18 de octubre de 2013

Sospecha

Benito Rabal (Mundo Obrero)
A finales de los años ochenta, tuve que viajar a Panamá, donde iba a estar trabajando durante un tiempo. Llamé a mi madre para comunicarle cual iba a ser mi próximo paradero y su voz alarmada me sorprendió al otro lado del teléfono: “Hijo, ten mucho cuidado que están en guerra”. Yo en aquella época vivía en Cuba y entonces, para viajar a la mayoría de los países de América Latina, había que hacer escala en Panamá con lo que lo visitaba con bastante frecuencia. Así que intenté tranquilizarla diciéndole que había estado allí hacía escasamente un mes, que no pasaba nada y que los únicos que tenían que preocuparse eran los yankees porque en pocos años les iban a quitar el Canal. Pero mi madre insistió:”No me engañes. Lo he visto por la televisión. Están en medio de una guerra”.

Llegué a Panamá y me encontré con lo que yo esperaba, un país tranquilo y alegre que estaba finalmente logrando una identidad propia, consciente de que no podía dar pasos en falso si quería conseguir librarse de la tutela de los Estados Unidos. De Guerra civil, ni rastro. Si acaso, de vez en cuando, se veían desfilar cuatro o cinco coches con banderas blancas, los llamados Rabiblancos de la Cruzada Civilista formada por la burguesía que se oponía a las ansías liberalizadoras del pueblo panameño. Pero nada, cuatro voces y nada más. Mi sorpresa fue cuando dos o tres días más tarde me topé en la Avenida España – la arteria principal de Ciudad de Panamá – con un equipo de televisión a cuyo mando estaba un conocido periodista español de quien no voy a citar el nombre. El tal periodista vestía al más puro estilo Rambo y, a su alrededor, se había montado un auténtico plató cinematográfico, con un par de neumáticos ardiendo, humo de efectos especiales y unos cuantos extras que pasaban corriendo de uno a otro lado de la cámara enarbolando banderas y profiriendo gritos contra el gobierno. Los transeúntes se detenían a ver el espectáculo, convencidos, tal vez, de asistir al rodaje de una película y no a lo que era, la emisión de la supuesta realidad, esto es, las noticias. Esa era la guerra de la que me hablaba mi madre. Una guerra gestada a través de la prensa y la televisión.

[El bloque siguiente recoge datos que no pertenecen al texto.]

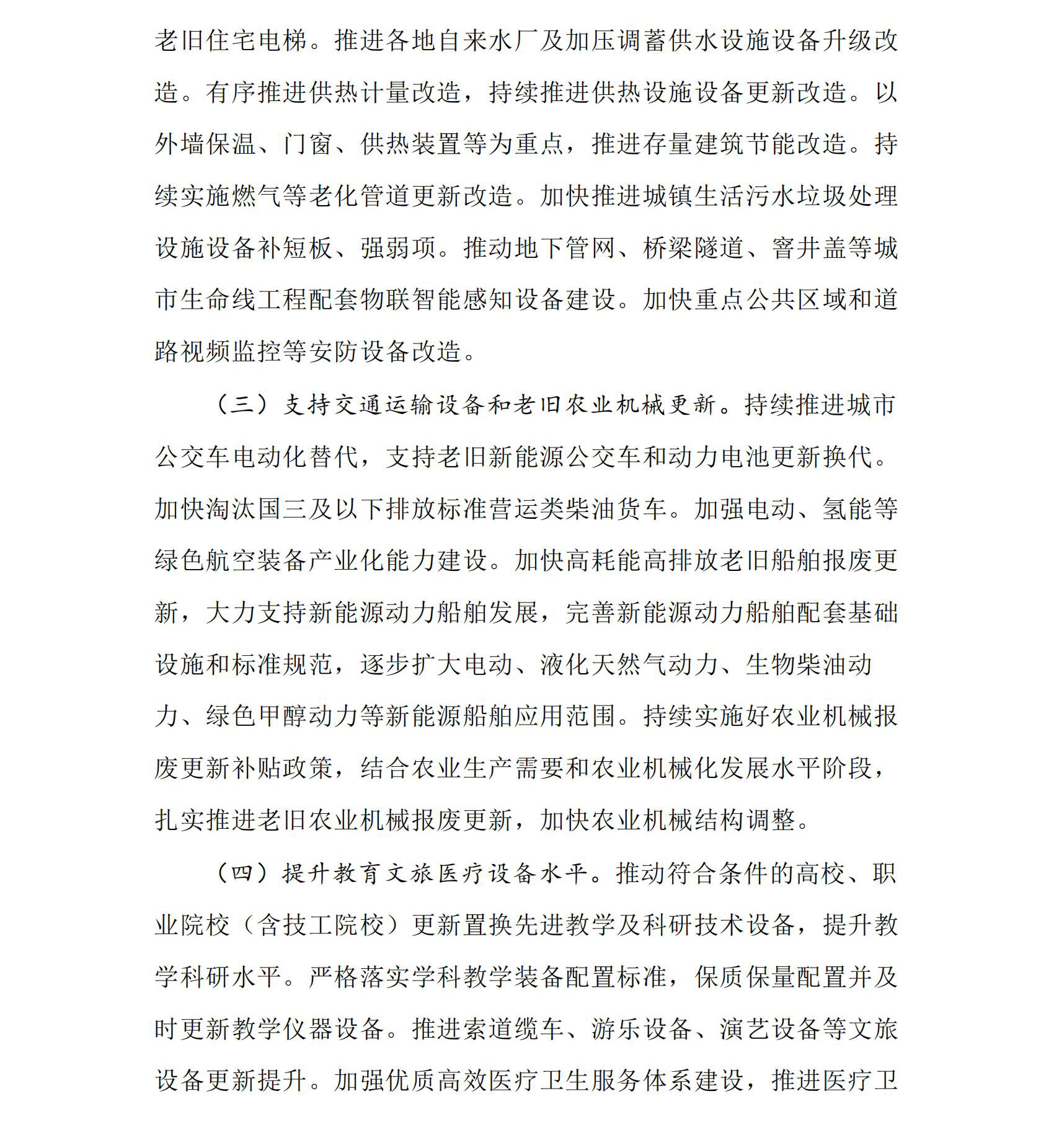 (二)加快建筑和市政基礎(chǔ)設(shè)施領(lǐng)域設(shè)備更新。圍繞建設(shè)新型城鎮(zhèn)化,結(jié)合推進(jìn)城市更新、老舊小區(qū)改造,以住宅電梯、供水、供熱、供氣、污水處理、環(huán)衛(wèi)、城市生命線工程、安防等為重點(diǎn),分類推進(jìn)更新改造。加快更新不符合現(xiàn)行產(chǎn)品標(biāo)準(zhǔn)、安全風(fēng)險(xiǎn)高的老舊住宅電梯。推進(jìn)各地自來水廠及加壓調(diào)蓄供水設(shè)施設(shè)備升級改造。有序推進(jìn)供熱計(jì)量改造,持續(xù)推進(jìn)供熱設(shè)施設(shè)備更新改造。以外墻保溫、門窗、供熱裝置等為重點(diǎn),推進(jìn)存量建筑節(jié)能改造。持續(xù)實(shí)施燃?xì)獾壤匣艿栏赂脑臁<涌焱七M(jìn)城鎮(zhèn)生活污水垃圾處理設(shè)施設(shè)備補(bǔ)短板、強(qiáng)弱項(xiàng)。推動(dòng)地下管網(wǎng)、橋梁隧道、窨井蓋等城市生命線工程配套物聯(lián)智能感知設(shè)備建設(shè)。加快重點(diǎn)公共區(qū)域和道路視頻監(jiān)控等安防設(shè)備改造。

Poco tiempo después se produjo la invasión de Panamá. Los acuerdos que habían firmado Carter y Torrijos, según los cuales el canal pasaría en el año 2000 a manos panameñas, tenían una pequeña clausula. En caso de inestabilidad política, los acuerdos no serían efectivos. Murieron miles de panameños, el barrio del Chorrillo fue borrado del mapa y el país sigue hoy repartido – canal incluido - entre las grandes corporaciones, las mismas en cuyas manos reposan los grandes medios de comunicación. Gracias a éstos, para la opinión pública internacional, la invasión había sido justa y necesaria. Nadie protestó.

Y cuento esta historia – absolutamente verídica – porque desde el primer momento en que se empezó a hablar de la llamada guerra civil siria, me la ha recordado. Primero nos llegaron imágenes borrosas y un tanto indefinidas; grupos de milicianos corriendo entre el humo y periodistas que, desde algún lugar en medio de una supuesta batalla, nos relataban las atrocidades del ejército regular sirio. Pero nunca se podía identificar el reconocible paisaje de Damasco. Luego fueron llegando los envíos de armas y el reclutamiento de talibanes llegados de uno y otro lado del mundo árabe; el dinero para las fuerzas opositoras; las conferencias de representantes del mundo rico en las que se hablaba de la necesidad de acabar con la dictadura siria… Y entonces, sí. Entonces pudimos ver ya imágenes en las que Siria era reconocible. De vez en cuando, solo de vez en cuando, también hemos podido estremecernos con los desmanes de las fuerzas opositoras, pagadas, eso sí, con el dinero de nuestros países, quiero decir, con el que se destina a sufragar los intereses de las grandes corporaciones.

No quiero decir con esto que me ponga del lado de una de las dos partes, pero sospecho que tras los fallidos intentos de acabar desde dentro con el molesto régimen, para Occidente, de Al Asad, existe un resuelto empeño en demostrar a la opinión pública que es necesario acabar con éste de la manera que sea. Y me temo que así será.
Luego las televisiones nos contarán durante un tiempo del triunfo de la libertad y la democracia. De los miles de muertos que quedarán, de la imposición de leyes y costumbres medievales, de la represión que habrá, ni rastro. Y sospecho que del reparto de sus riquezas, tampoco.